Mark Zuckerberg, chief executive officer of Meta Platforms Inc., during the Meta Connect event in Menlo Park, California, US, on Wednesday, Sept. 17, 2025.
David Paul Morris | Bloomberg | Getty Images
Meta CEO Mark Zuckerberg plans to ramp up his company’s spending on artificial intelligence in 2026. Wall Street seems fine with that strategy.
In its fourth-quarter earnings report on Wednesday, Meta beat on the top and bottom lines while also revealing that its AI-related capital expenditures this year will be between $115 billion and $135 billion. That’s nearly twice the amount Meta spent on capex last year, when the company revamped its AI unit.
Although investors have previously expressed concern about Meta’s AI spending spree, they took comfort in the company’s latest results, which showed 24% year-over-year revenue growth, driven by online ads. Meta shares, which trailed the market last year, popped as much as 10% in after-hours trading.
“As we plan for the future, we will continue to invest very significantly in infrastructure to train leading models and deliver personal super intelligence to billions of people and businesses around the world,” Zuckerberg told analysts during the earnings call.

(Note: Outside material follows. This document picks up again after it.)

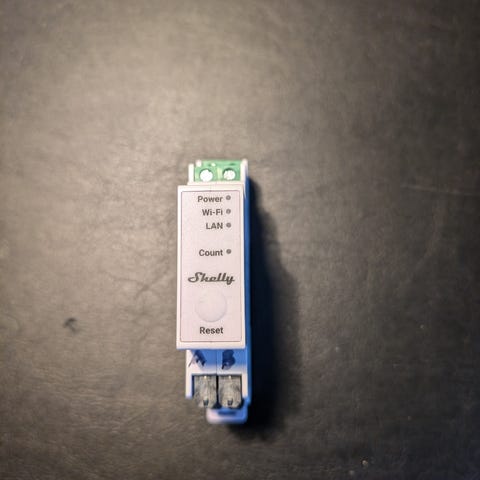 Shelly PM Mini smart strømmåler 16A med WiFi. Enheden er beregnet til måling af strømforbrug op til 16 ampere og kan indgå i et smart home-setup via trådløs netværksforbindelse. Velegnet til installation i elinstallationer, hvor der ønskes overvågning af energiforbrug på enkelte kredse eller apparater.

Zuckerberg was referring to Meta’s ambitious data center buildouts intended to anchor both current and future AI projects.
Meta finance chief Susan Li told analysts that the company continues to be “capacity constrained,” meaning it needs more computing power to further improve its core ad business while also providing its AI team the necessary resources to create more advanced models and products.

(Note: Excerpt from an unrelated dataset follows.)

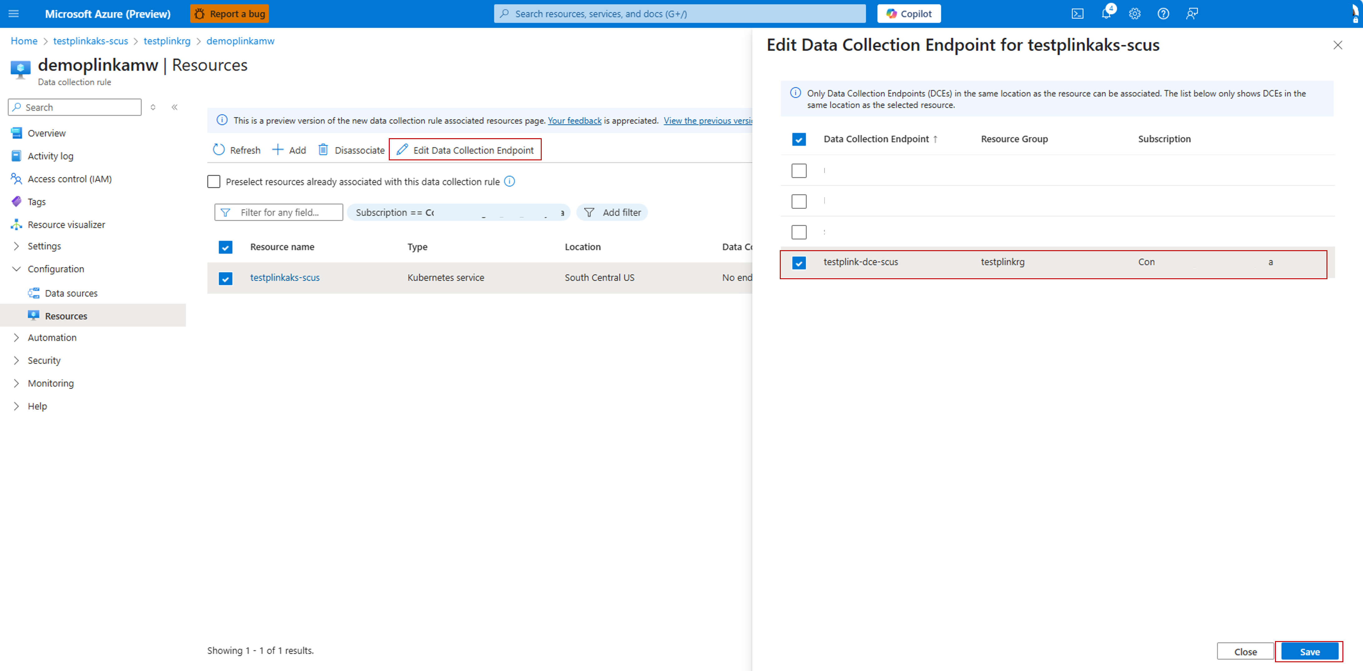 添加 AKS 群集(可能需要刷新页面)后,单击 AKS 群集,然后 编辑终结点的数据收集。 在打开的边栏选项卡中,选择在本部分的步骤 1 中创建的数据收集终结点。 此 DCE 应与 AKS 群集位于同一区域。

“Our teams have done a great job ramping up our infrastructure through the course of 2025, but demands for compute resources across the company have increased even faster than our supply,” Li said.
Zuckerberg said 2026 will be a major year for AI, with Meta’s investments geared towards supporting his mission for “building personal super intelligence.”
Whether Meta will have much by way of new AI products that can generate revenue remains a major question, and one Zuckerberg hasn’t clearly answered.
“I mean, we’re going to roll out new products over the course of the year,” Zuckerberg said on the call. “I think the important thing is, we’re not just launching one thing, and we’re building a lot of things.”
Perhaps Zuckerberg’s biggest swing last year was the $14.3 billion investment in Scale AI, which brought founder and CEO Alexandr Wang and some of his top engineers and researchers to Meta. Wang is now leading Meta’s TBD AI unit, which has been testing a new frontier model code-named Avocado that’s intended to be a successor to the company’s Llama family of models, CNBC reported.
“I expect our first models will be good but, more importantly, will show the rapid trajectory that we’re on,” Zuckerberg said Wednesday. “And then I expect us to steadily push the frontier over the course of the year as we continue to release new models.”
Asked on the call why Meta needs to develop its own powerhouse AI foundation model, Zuckerberg said it’s important because Meta is a “deep technology company.”
Meta can’t risk being “constrained to what others in the ecosystem are building or allow us to build,” he said, adding that controlling a model allows you to help “shape the future of these products.”
In the meantime, online advertising still accounts for the overwhelming majority of Meta’s revenue. As long as that business continues to dominate in mobile, exceed expectations and throw off billions of dollars of cash a quarter, Zuckerberg is likely to get plenty of leeway to pursue his AI ambitions.